▶ [Working data]
────────
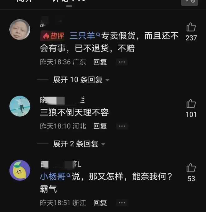 小杨哥这边更是让消费者失望。他的直播间关闭,整个人像是人间蒸发了一般,不再回应任何质疑。消费者不仅无法退货,连要找人理论的机会都没有了。
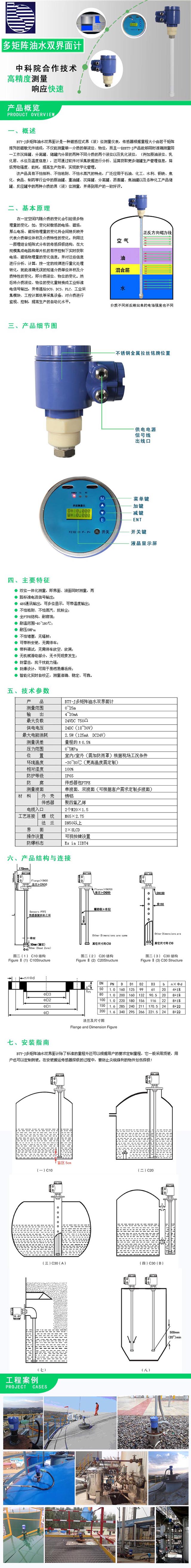 BTY-J多矩陣油水雙界面計是一種磁感應式界(液)位測量儀表,傳感器根據量程大小由若干矩陣排列的磁敏元件組成,不僅能測量單一介質的單液位、物位,而且一臺BTY-J產品能夠同時準確測量同一工作沉降罐、分離罐、儲罐內分層的兩種不同介質的兩個液位以及乳化液位,(例如原油液位、乳化層、水位及溫度信息),還可通過軟件對采集數據進行分析、運算獲取更多儲罐生產管理信息,降低勞動強度、能耗,提高生產效率,實現數字化管理。 該產品具有不怕掛料、不怕粘附、不怕水蒸汽的特點,廣泛應用于石油、化工、水利、鋼鐵、焦化、食品、制藥等行業(yè)中的原油罐、重油罐、沉降罐、分離罐、瀝青罐、焦油罐以及各種化工產品儲罐、反應罐中的兩種介質的界(液)位測量,并得到用戶的一致好評。
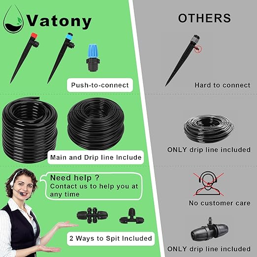 - ๐ง Effortless Installation โ No Digging or Plumbing Required: Setting up your irrigation system has never been easier! With detailed installation instructions and a step-by-step video, simply connect the fittings, plug in the tubing, and start watering your plants instantly. Want fully automated watering? Just add an automatic timer (sold separately) and enjoy a hands-free irrigation experienceโeven while on vacation!
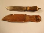 German Bowie Knife with what appears to be either bone or deer antler handle in leather case. - h. 10 1/2" German Bowie Knife with what appears to be either bone or deer antler handle in leather case. - h. 10 1/2"
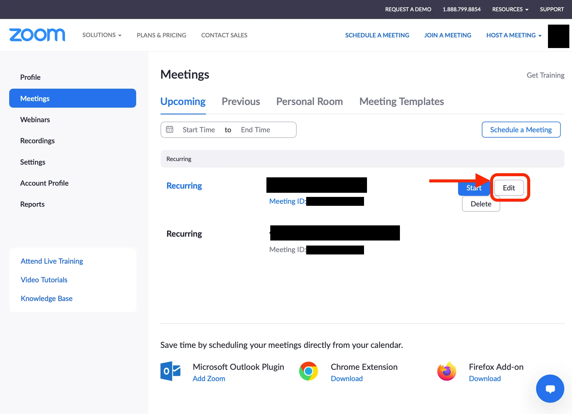 - To check or modify the settings of previously scheduled meetings, hover your mouse over the meeting in the list and click the “Edit” button on the right side.
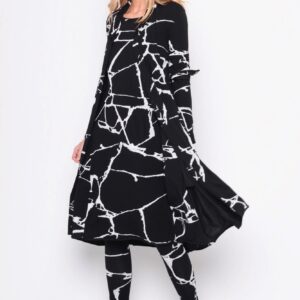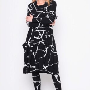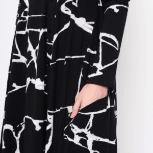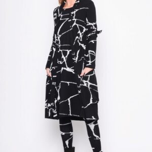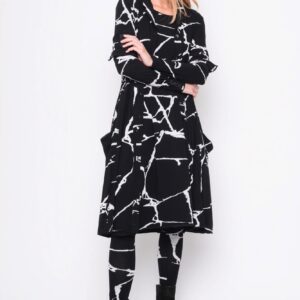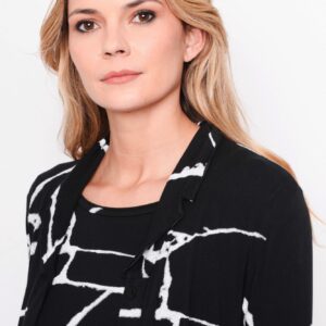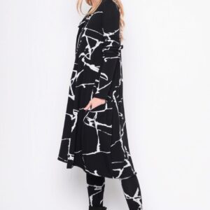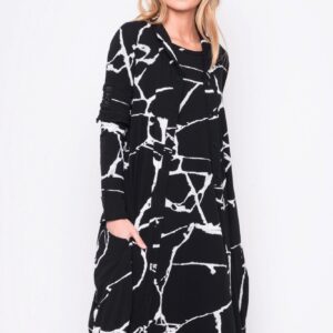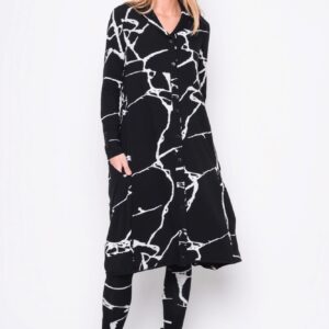 Cardigan i lækker blød bomuldskvalitet i klassisk sort/hvidt print som her ses i kombination med kjolen i samme serie. Modellen har A-facon og dermed er der meget plads til mave og numse. Cardiganen er gennemknappet med kokosknapper og har en fin lille revers. Alle kanter er skåret og har en rå afslutning og der er lommer i siden. For at fuldende boheme looket er den længere bagpå 🙂
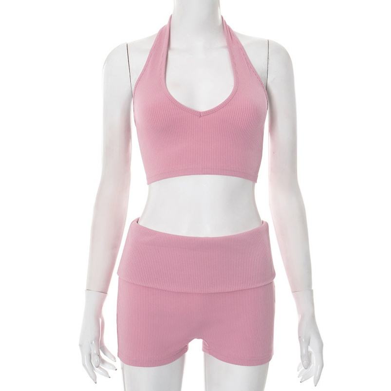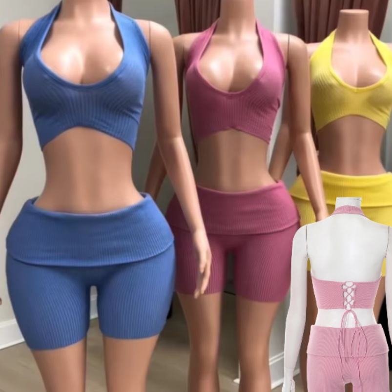 Viviblook D25ST155 Women Solid Color Summer Thread Halter Lace up Tank Top Folding High Waist Shorts Set 2 Piece Suit
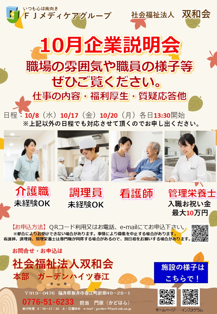 皆さまこんにちは。すっかり朝晩は秋となりましたがお元気でお過ごしですか?10月の企業説明会 日程をご案内します。週末以外は記載日以外でもお受けしますので、ご希望があればQRコードからお気軽にご連絡下さい!
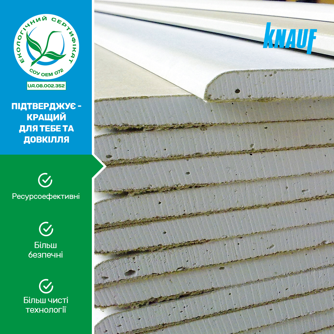 4 найменування плит гіпсокартонних ТМ Кнауф (Knauf) (сертифікат № UA.08.002.352) виробництва ТОВ «Кнауф Гіпс Кмїв» успішно пройшли процедуру щорічного нагляду.
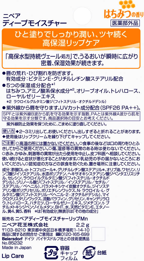 KAO ニベア ディープモイスチャーリップ はちみつの香り 2.2g 1本(ご注文単位1本)【直送品】
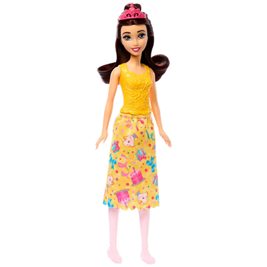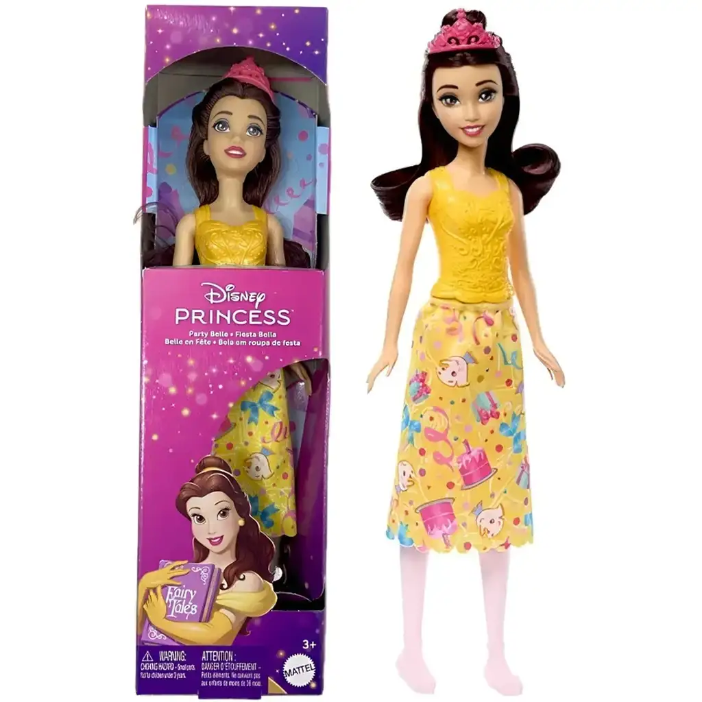 Belle žiari v ikonickom zlatom tope, ku ktorému patrí živá, vzorovaná sukňa. Na odnímateľnej sukni sú rozkošné detaily, ako Čajník (Chip), pani Pottsová, slávnostné torty, darčekové krabice a konfety – jednoducho všetko, čo treba na pravú Disney párty! Bábika má na hlave ružovú tiaru a jej dlhé hnedé vlasy sa dajú ľahko česať, takže si ich deti môžu upravovať podľa vlastnej fantázie.
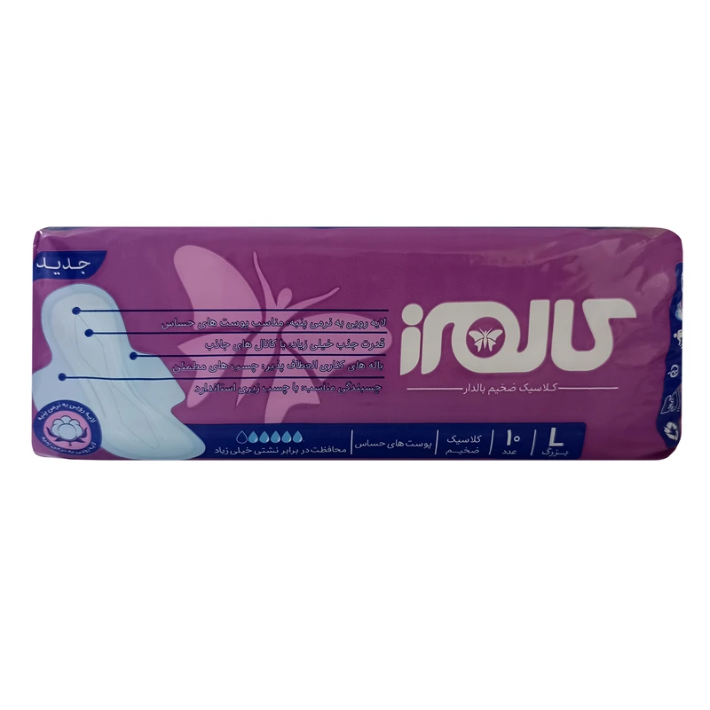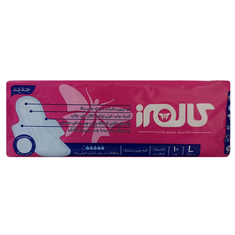 نوار بهداشتی کالمرز مدل بالدار مشبک کد K013 سایز بزرگ بسته ۱۰ عددی به همراه نوار بهداشتی کالمرز مدل بالدار معمولی کد K014 سایز بزرگ بسته 10 عددی
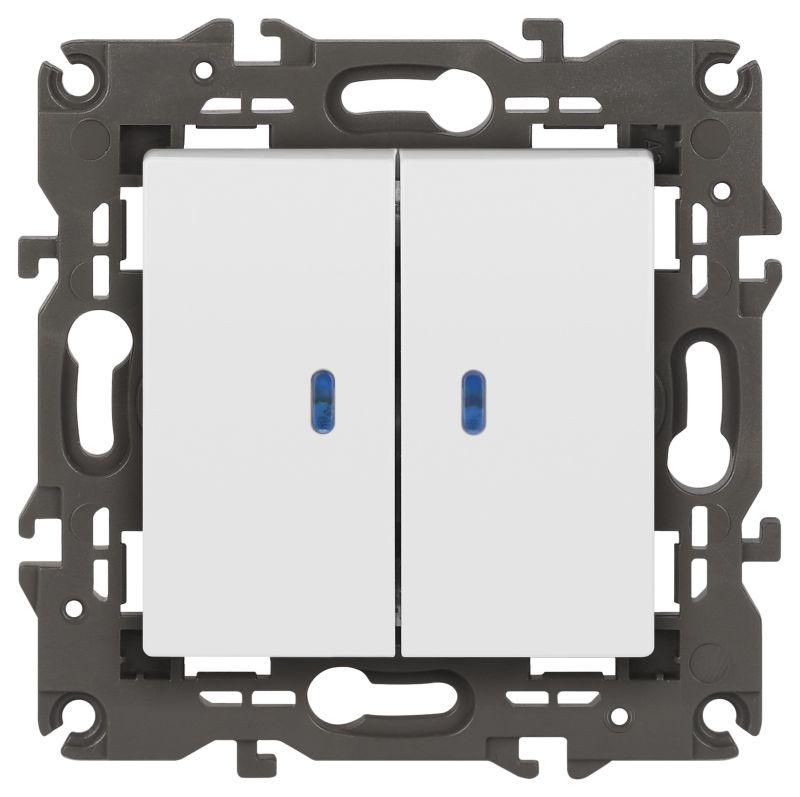 Выключатель 2-клавишный подсветка Эра Elegance белый 14-1105-01. Оснащён автоматическими клеммами дл..
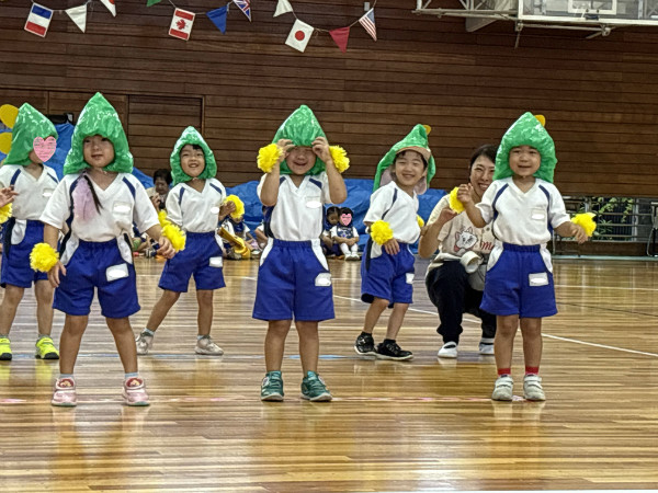 年中組はダンスとパラバルーンです。皆で息の合ったダンスとパラバルーン。特にバルーンは少しのずれで膨らまなくなったり、丸くならなかったり。でも、本番は全ての技が見事に決まりました!(^^)!一人では成しえないことをクラス一丸となって行う事ができました。
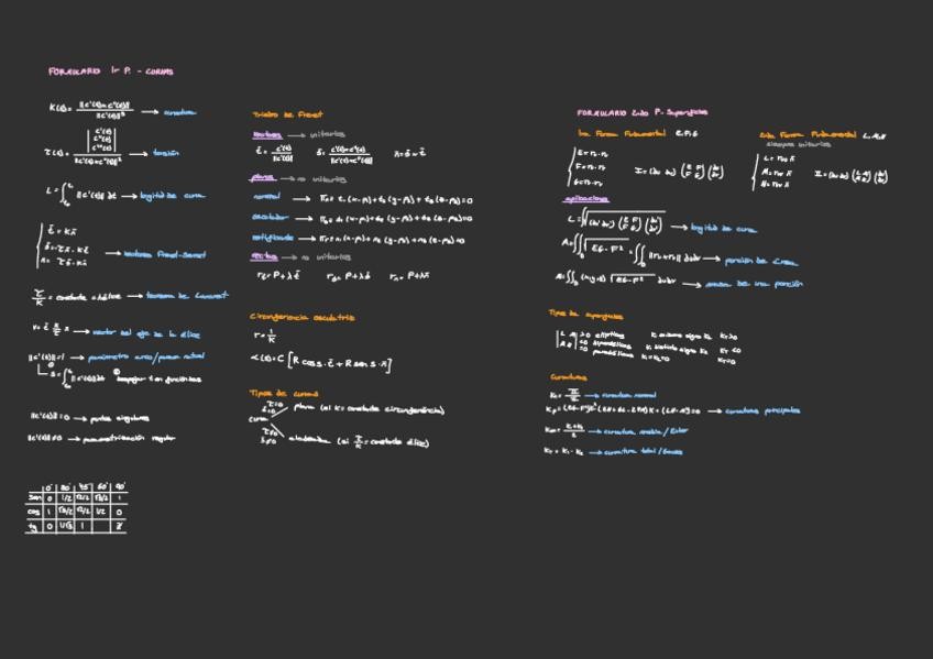 Un resumen del contenido del parcial 2 de Curvas y Superficies para repasar las fórmulas mas importantes
────────
▶ [What to work on]
The listing above, line by line: print it exactly, but not its pictures.

▶ [Response below]
 小杨哥这边更是让消费者失望。他的直播间关闭,整个人像是人间蒸发了一般,不再回应任何质疑。消费者不仅无法退货,连要找人理论的机会都没有了。
 BTY-J多矩陣油水雙界面計是一種磁感應式界(液)位測量儀表,傳感器根據量程大小由若干矩陣排列的磁敏元件組成,不僅能測量單一介質的單液位、物位,而且一臺BTY-J產品能夠同時準確測量同一工作沉降罐、分離罐、儲罐內分層的兩種不同介質的兩個液位以及乳化液位,(例如原油液位、乳化層、水位及溫度信息),還可通過軟件對采集數據進行分析、運算獲取更多儲罐生產管理信息,降低勞動強度、能耗,提高生產效率,實現數字化管理。 該產品具有不怕掛料、不怕粘附、不怕水蒸汽的特點,廣泛應用于石油、化工、水利、鋼鐵、焦化、食品、制藥等行業(yè)中的原油罐、重油罐、沉降罐、分離罐、瀝青罐、焦油罐以及各種化工產品儲罐、反應罐中的兩種介質的界(液)位測量,并得到用戶的一致好評。
 - ๐ง Effortless Installation โ No Digging or Plumbing Required: Setting up your irrigation system has never been easier! With detailed installation instructions and a step-by-step video, simply connect the fittings, plug in the tubing, and start watering your plants instantly. Want fully automated watering? Just add an automatic timer (sold separately) and enjoy a hands-free irrigation experienceโeven while on vacation!
 German Bowie Knife with what appears to be either bone or deer antler handle in leather case. - h. 10 1/2" German Bowie Knife with what appears to be either bone or deer antler handle in leather case. - h. 10 1/2"
 - To check or modify the settings of previously scheduled meetings, hover your mouse over the meeting in the list and click the “Edit” button on the right side.
 Cardigan i lækker blød bomuldskvalitet i klassisk sort/hvidt print som her ses i kombination med kjolen i samme serie. Modellen har A-facon og dermed er der meget plads til mave og numse. Cardiganen er gennemknappet med kokosknapper og har en fin lille revers. Alle kanter er skåret og har en rå afslutning og der er lommer i siden. For at fuldende boheme looket er den længere bagpå 🙂
 Viviblook D25ST155 Women Solid Color Summer Thread Halter Lace up Tank Top Folding High Waist Shorts Set 2 Piece Suit
 皆さまこんにちは。すっかり朝晩は秋となりましたがお元気でお過ごしですか?10月の企業説明会 日程をご案内します。週末以外は記載日以外でもお受けしますので、ご希望があればQRコードからお気軽にご連絡下さい!
 4 найменування плит гіпсокартонних ТМ Кнауф (Knauf) (сертифікат № UA.08.002.352) виробництва ТОВ «Кнауф Гіпс Кмїв» успішно пройшли процедуру щорічного нагляду.
 KAO ニベア ディープモイスチャーリップ はちみつの香り 2.2g 1本(ご注文単位1本)【直送品】
 Belle žiari v ikonickom zlatom tope, ku ktorému patrí živá, vzorovaná sukňa. Na odnímateľnej sukni sú rozkošné detaily, ako Čajník (Chip), pani Pottsová, slávnostné torty, darčekové krabice a konfety – jednoducho všetko, čo treba na pravú Disney párty! Bábika má na hlave ružovú tiaru a jej dlhé hnedé vlasy sa dajú ľahko česať, takže si ich deti môžu upravovať podľa vlastnej fantázie.
 نوار بهداشتی کالمرز مدل بالدار مشبک کد K013 سایز بزرگ بسته ۱۰ عددی به همراه نوار بهداشتی کالمرز مدل بالدار معمولی کد K014 سایز بزرگ بسته 10 عددی
 Выключатель 2-клавишный подсветка Эра Elegance белый 14-1105-01. Оснащён автоматическими клеммами дл..
 年中組はダンスとパラバルーンです。皆で息の合ったダンスとパラバルーン。特にバルーンは少しのずれで膨らまなくなったり、丸くならなかったり。でも、本番は全ての技が見事に決まりました!(^^)!一人では成しえないことをクラス一丸となって行う事ができました。
 Un resumen del contenido del parcial 2 de Curvas y Superficies para repasar las fórmulas mas importantes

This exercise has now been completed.